### What is being asked
With the pictures left out, restate exactly the part below that opens with the line containing "Просторный трёхместный номер" and closes with the line containing "Project 06 diseñado".

### Raw data

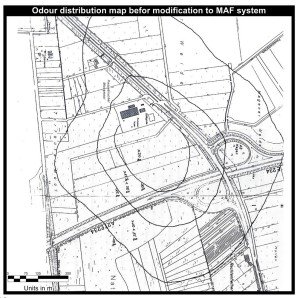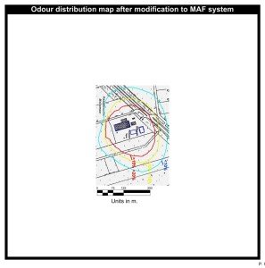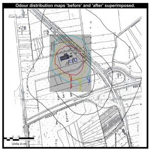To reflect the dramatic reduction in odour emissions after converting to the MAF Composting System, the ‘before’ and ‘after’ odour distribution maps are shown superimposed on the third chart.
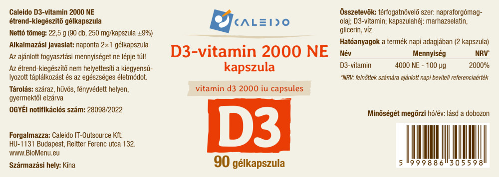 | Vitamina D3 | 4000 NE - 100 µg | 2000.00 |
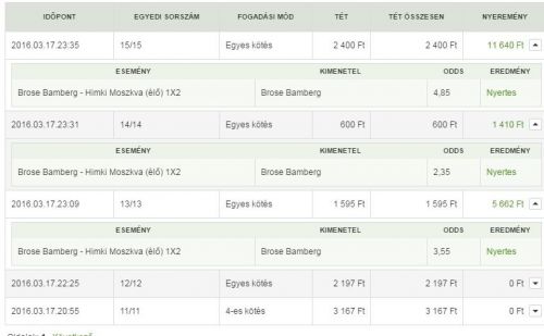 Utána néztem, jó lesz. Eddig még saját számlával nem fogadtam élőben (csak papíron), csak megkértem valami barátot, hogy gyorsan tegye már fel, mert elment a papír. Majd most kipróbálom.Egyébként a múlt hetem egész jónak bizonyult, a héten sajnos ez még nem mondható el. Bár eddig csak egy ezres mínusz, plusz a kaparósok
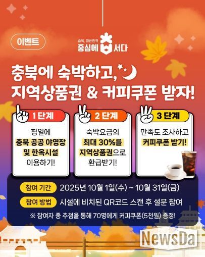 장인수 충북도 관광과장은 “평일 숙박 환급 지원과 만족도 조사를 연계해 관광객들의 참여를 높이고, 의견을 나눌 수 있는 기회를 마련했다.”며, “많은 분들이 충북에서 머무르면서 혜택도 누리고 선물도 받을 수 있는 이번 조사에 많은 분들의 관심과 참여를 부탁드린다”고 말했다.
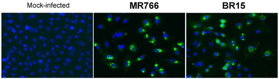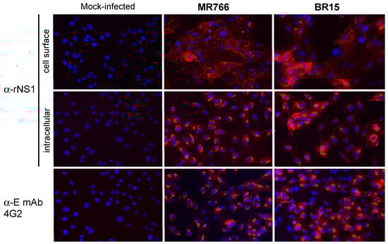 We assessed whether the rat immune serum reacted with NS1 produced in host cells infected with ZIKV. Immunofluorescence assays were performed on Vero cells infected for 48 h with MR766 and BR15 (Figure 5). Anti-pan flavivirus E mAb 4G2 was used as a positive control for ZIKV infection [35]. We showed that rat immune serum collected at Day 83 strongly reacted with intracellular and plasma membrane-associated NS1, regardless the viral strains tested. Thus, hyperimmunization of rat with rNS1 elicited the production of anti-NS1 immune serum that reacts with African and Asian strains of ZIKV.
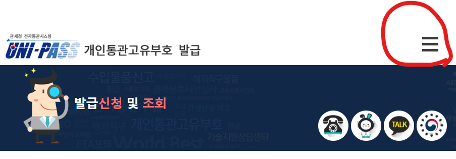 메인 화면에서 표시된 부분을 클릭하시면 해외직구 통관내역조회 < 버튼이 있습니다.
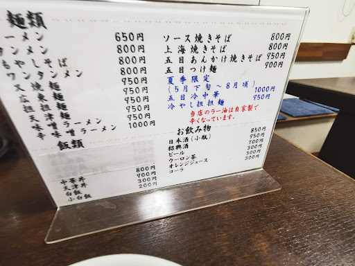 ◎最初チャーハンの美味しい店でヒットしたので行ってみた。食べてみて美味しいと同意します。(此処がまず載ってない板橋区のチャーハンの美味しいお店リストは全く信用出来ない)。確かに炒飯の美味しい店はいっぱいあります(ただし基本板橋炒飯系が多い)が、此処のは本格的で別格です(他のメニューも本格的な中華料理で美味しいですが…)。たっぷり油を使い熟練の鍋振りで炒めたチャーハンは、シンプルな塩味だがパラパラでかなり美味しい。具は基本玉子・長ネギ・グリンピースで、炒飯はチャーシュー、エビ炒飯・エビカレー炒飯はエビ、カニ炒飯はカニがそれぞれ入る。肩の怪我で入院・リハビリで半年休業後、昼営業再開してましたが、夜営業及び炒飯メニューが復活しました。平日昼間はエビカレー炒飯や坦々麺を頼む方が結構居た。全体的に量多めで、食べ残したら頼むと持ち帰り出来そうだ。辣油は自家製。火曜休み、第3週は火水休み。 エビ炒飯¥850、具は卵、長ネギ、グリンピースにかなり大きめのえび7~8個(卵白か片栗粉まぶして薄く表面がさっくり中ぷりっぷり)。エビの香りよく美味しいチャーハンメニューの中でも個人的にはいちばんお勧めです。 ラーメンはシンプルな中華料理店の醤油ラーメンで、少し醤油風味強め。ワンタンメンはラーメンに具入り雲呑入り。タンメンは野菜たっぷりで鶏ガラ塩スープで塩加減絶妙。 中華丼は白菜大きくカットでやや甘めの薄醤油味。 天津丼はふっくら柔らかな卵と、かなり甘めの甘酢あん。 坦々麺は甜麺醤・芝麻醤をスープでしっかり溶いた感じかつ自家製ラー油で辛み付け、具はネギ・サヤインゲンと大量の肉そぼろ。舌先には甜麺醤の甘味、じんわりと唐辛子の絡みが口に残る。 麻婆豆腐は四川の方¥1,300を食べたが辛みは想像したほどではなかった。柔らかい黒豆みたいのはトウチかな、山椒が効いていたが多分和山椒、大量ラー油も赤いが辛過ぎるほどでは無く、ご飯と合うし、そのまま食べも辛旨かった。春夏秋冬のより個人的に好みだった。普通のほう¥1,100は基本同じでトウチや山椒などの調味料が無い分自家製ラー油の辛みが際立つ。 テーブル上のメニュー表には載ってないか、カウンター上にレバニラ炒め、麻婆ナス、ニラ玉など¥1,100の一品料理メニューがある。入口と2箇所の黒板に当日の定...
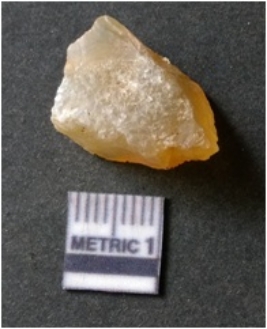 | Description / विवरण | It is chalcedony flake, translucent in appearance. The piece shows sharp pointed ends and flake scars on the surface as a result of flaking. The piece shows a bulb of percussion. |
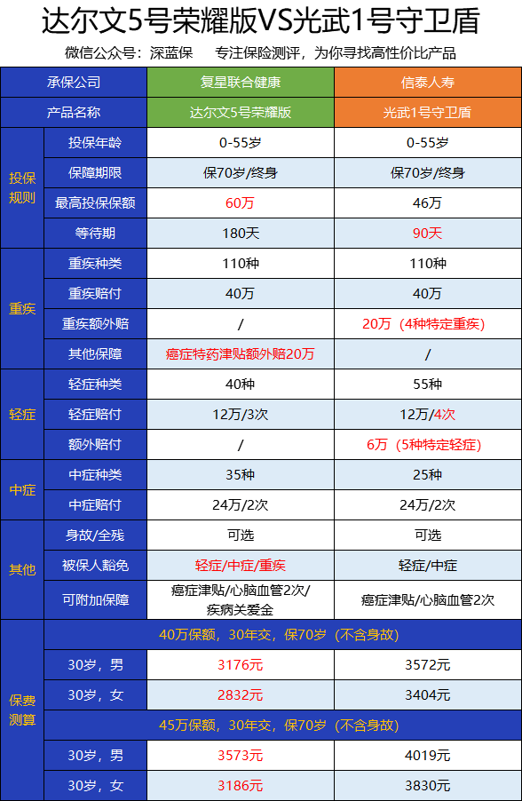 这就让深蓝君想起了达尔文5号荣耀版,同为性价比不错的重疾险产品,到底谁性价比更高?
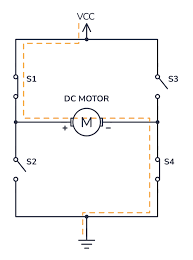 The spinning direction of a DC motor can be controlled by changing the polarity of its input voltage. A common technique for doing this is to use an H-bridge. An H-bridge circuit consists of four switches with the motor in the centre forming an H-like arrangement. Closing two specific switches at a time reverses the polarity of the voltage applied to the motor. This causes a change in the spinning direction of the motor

---

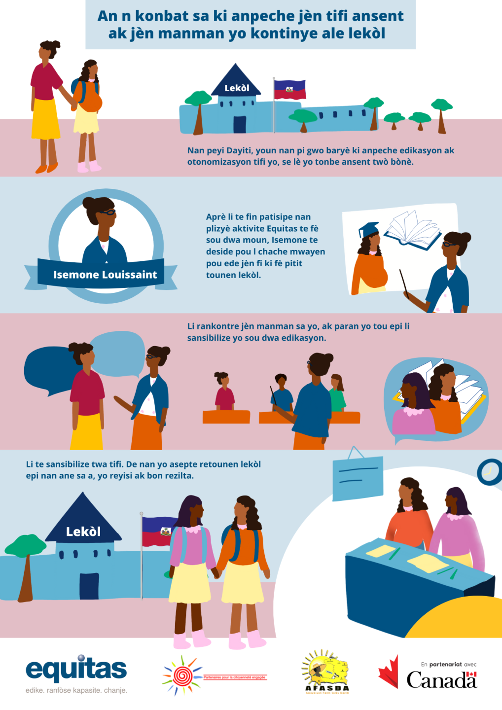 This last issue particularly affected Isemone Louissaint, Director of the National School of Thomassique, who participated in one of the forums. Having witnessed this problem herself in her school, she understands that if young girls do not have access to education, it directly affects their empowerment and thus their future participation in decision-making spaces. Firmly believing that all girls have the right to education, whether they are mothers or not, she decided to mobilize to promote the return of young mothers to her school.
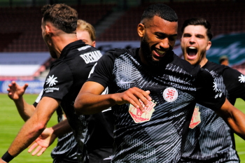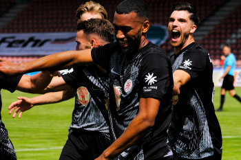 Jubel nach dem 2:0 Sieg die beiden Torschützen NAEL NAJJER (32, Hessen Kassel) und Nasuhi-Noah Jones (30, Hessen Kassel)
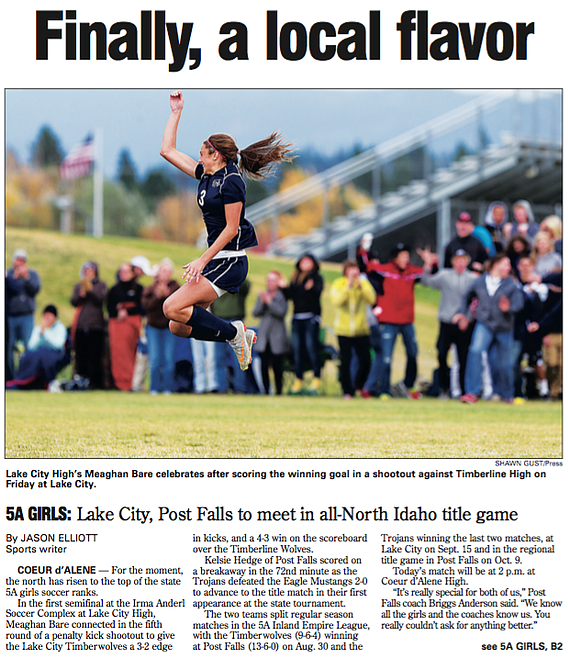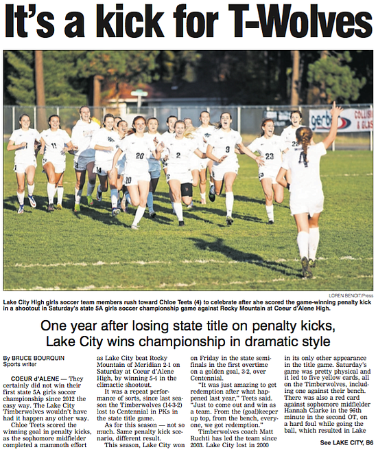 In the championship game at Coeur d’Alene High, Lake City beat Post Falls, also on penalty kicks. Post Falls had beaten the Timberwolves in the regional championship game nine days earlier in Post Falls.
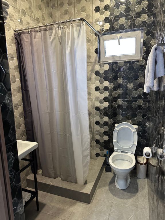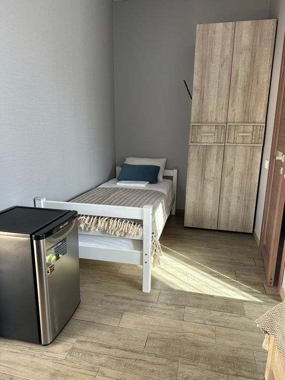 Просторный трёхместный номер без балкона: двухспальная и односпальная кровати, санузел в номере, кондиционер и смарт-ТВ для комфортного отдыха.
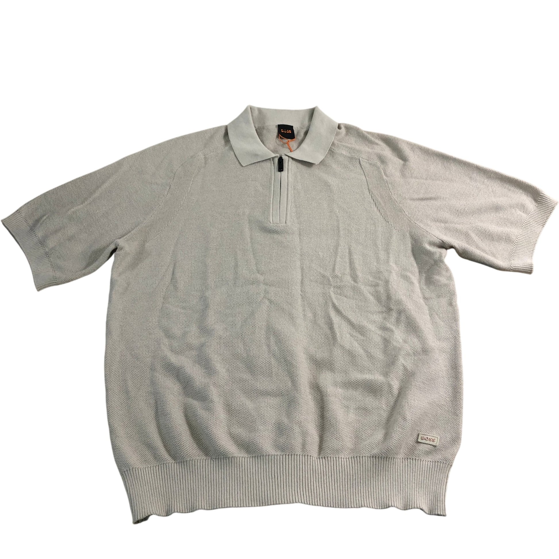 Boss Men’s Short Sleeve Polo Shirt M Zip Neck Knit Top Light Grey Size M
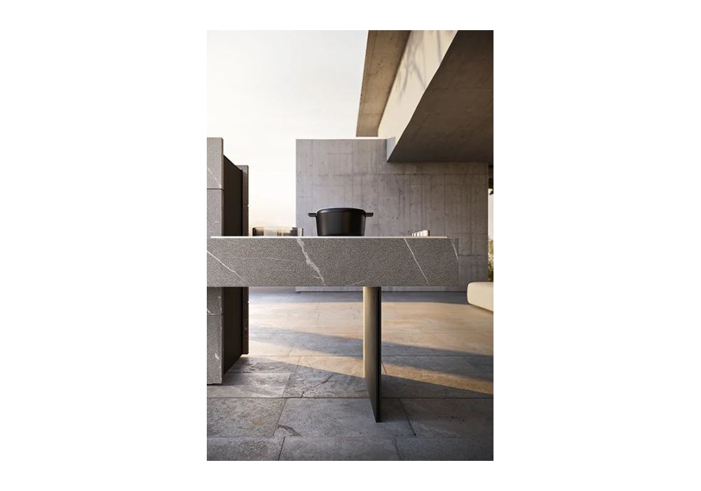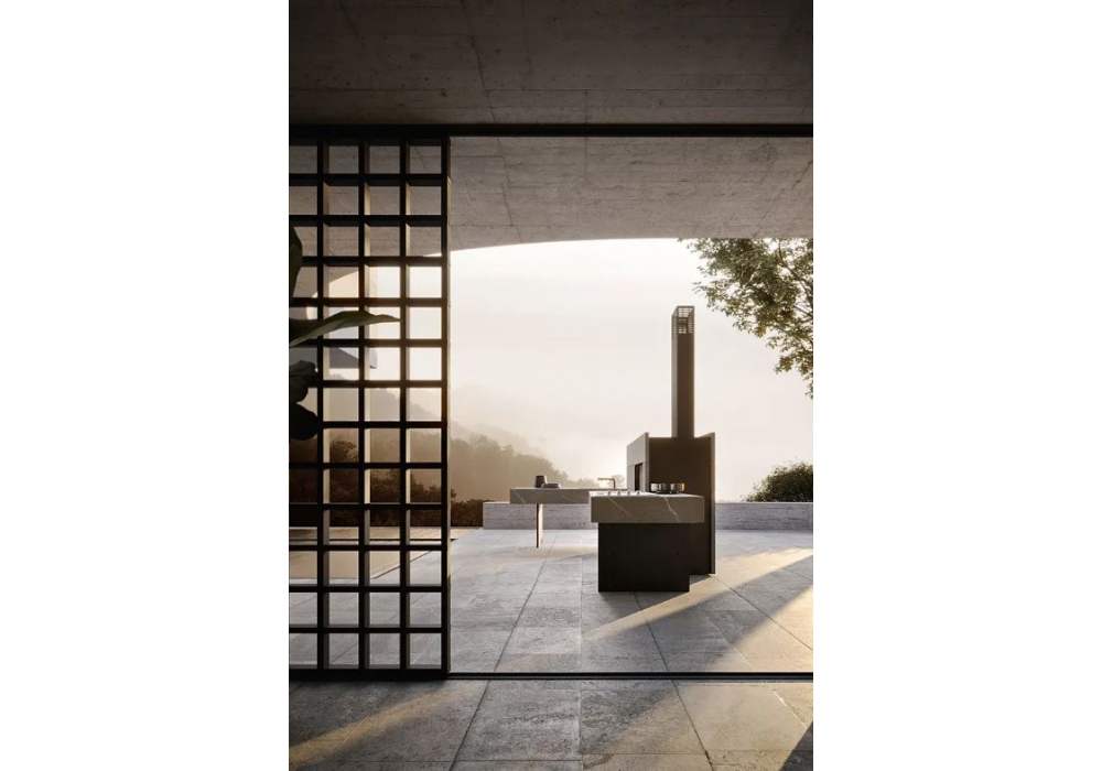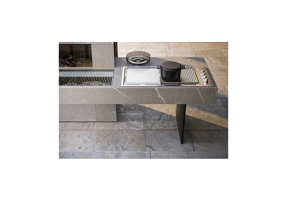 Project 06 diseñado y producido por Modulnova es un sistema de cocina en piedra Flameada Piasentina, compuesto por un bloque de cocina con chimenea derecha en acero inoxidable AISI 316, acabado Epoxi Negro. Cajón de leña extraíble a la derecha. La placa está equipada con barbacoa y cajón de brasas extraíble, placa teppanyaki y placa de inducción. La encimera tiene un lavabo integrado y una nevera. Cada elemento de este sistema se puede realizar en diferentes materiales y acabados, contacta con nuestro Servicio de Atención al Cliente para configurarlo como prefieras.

---

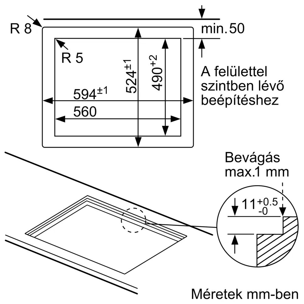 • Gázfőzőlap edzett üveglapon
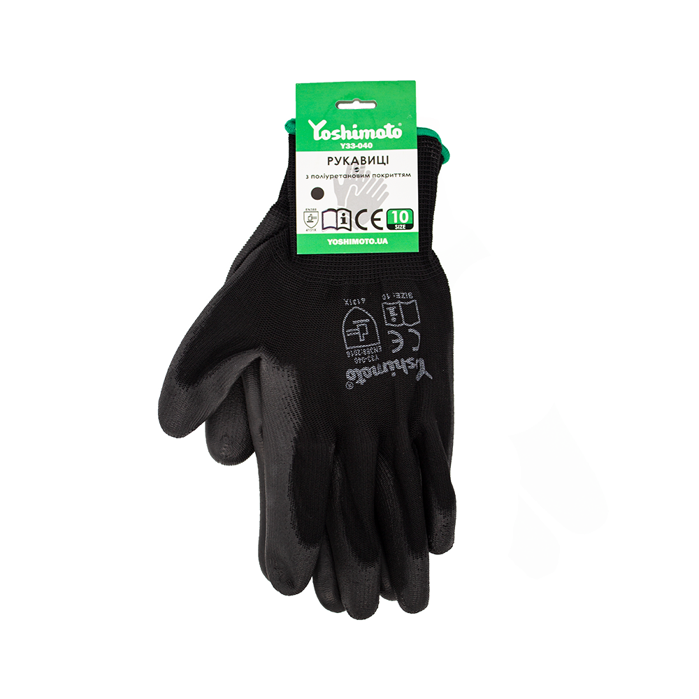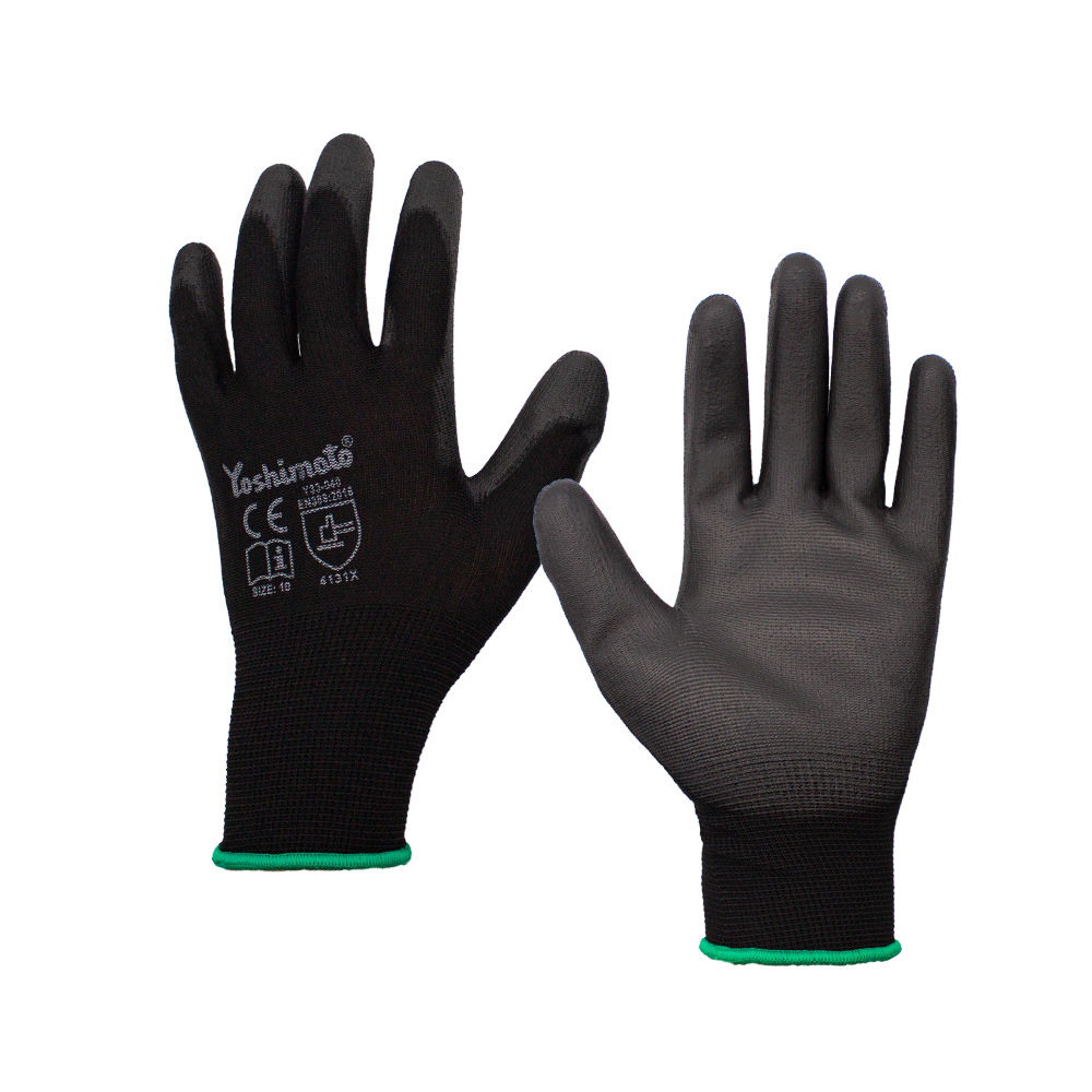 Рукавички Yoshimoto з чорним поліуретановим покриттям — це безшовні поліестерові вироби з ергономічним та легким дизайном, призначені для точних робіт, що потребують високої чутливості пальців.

### Final answer
 Просторный трёхместный номер без балкона: двухспальная и односпальная кровати, санузел в номере, кондиционер и смарт-ТВ для комфортного отдыха.
 Boss Men’s Short Sleeve Polo Shirt M Zip Neck Knit Top Light Grey Size M
 Project 06 diseñado y producido por Modulnova es un sistema de cocina en piedra Flameada Piasentina, compuesto por un bloque de cocina con chimenea derecha en acero inoxidable AISI 316, acabado Epoxi Negro. Cajón de leña extraíble a la derecha. La placa está equipada con barbacoa y cajón de brasas extraíble, placa teppanyaki y placa de inducción. La encimera tiene un lavabo integrado y una nevera. Cada elemento de este sistema se puede realizar en diferentes materiales y acabados, contacta con nuestro Servicio de Atención al Cliente para configurarlo como prefieras.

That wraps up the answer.